How to determine CT Saturation?
To
determine whether a CT will saturate in a certain condition, we need to find
the following values:
- Amount
of fault current
- CT
Secondary Resistance
- Wire
resistance that connects CT and the protection relay
- The
Burden resistance of the relay.
A protection relay is to be installed to a motor with full load current rating of 290. A CT with conversion ratio of 300:5 will be used and it has a total distance of 20 meters from the relay. The wire has a resistance of 1.5 ohms per kilometers. If the CT secondary resistance is 0.09 ohms and the relay burden resistance is 0.005 ohms.
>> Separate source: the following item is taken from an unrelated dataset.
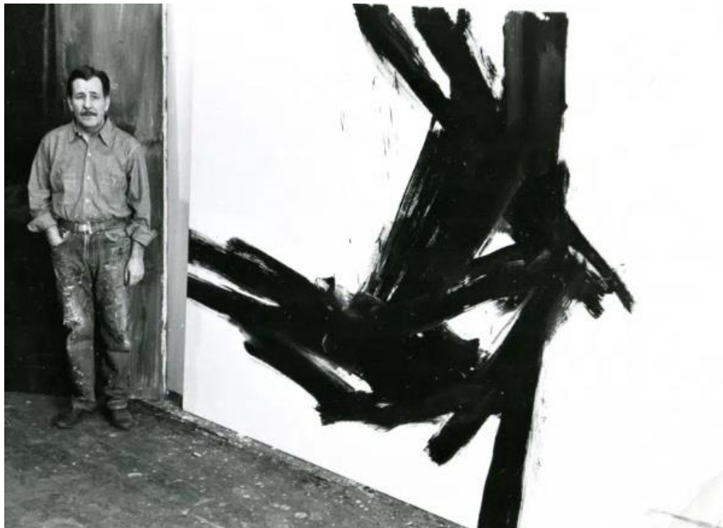
Franz Kline u ateljeu, New York, 1956.

Determine if the CT ratio will saturate based on the curve given below.
Note: Assume that the fault current in the
system is 3.5 kA.
Solution:
In
this case, we will enumerate the given values as,
·
CT
to be used is 300 : 5
·
Fault
current = 3,500 Amperes
·
CT
secondary resistance = 0.090 ohms
·
Wire
distance to relay = 20 mtrs rated @ 1.5 ohms/ km
·
Relay
burden resistance = 0.006 ohms
Calculate the wire resistance:
Rwire
= (2 x 20 m) x 1.5 ohms/ km
1000
Rwire
= 0.06 ohms
Calculate the total burden
Total Burden = RCT (secondary) + Rwire + R relay
Total
Burden = 0.090 + 0.06 + 0.006 = 0.156 ohms
Calculate the Secondary Voltage in the event of fault.
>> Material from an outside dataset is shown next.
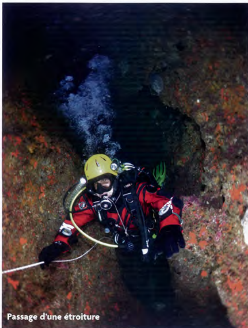
Passage d'une étroiture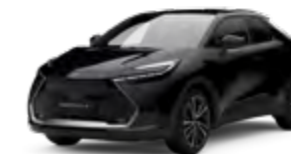
209 mysticschwarz mica 2),3)

V = (Total Burden * Fault Current)/ CT ratio
V =
(0.156 * 3,500) / 60
V = 9.1 Volts
Check
the CT Curve if the secondary voltage in the event of fault is below the KNEE
POINT.
The value of secondary voltage in the
event of a fault is 9.1 Volts which is below the knee point. Therefore, we can
accept the 300:5 CT given in the problem. Otherwise, we will choose the next
higher value and do the same process because the value of secondary current
with respect to the primary value is no longer linear. Non-linearity of these
values will result in the inaccuracy of readings and malfunction of protection
relays that connects to it. This situation could result in catastrophic damage
on the part of the whole power system.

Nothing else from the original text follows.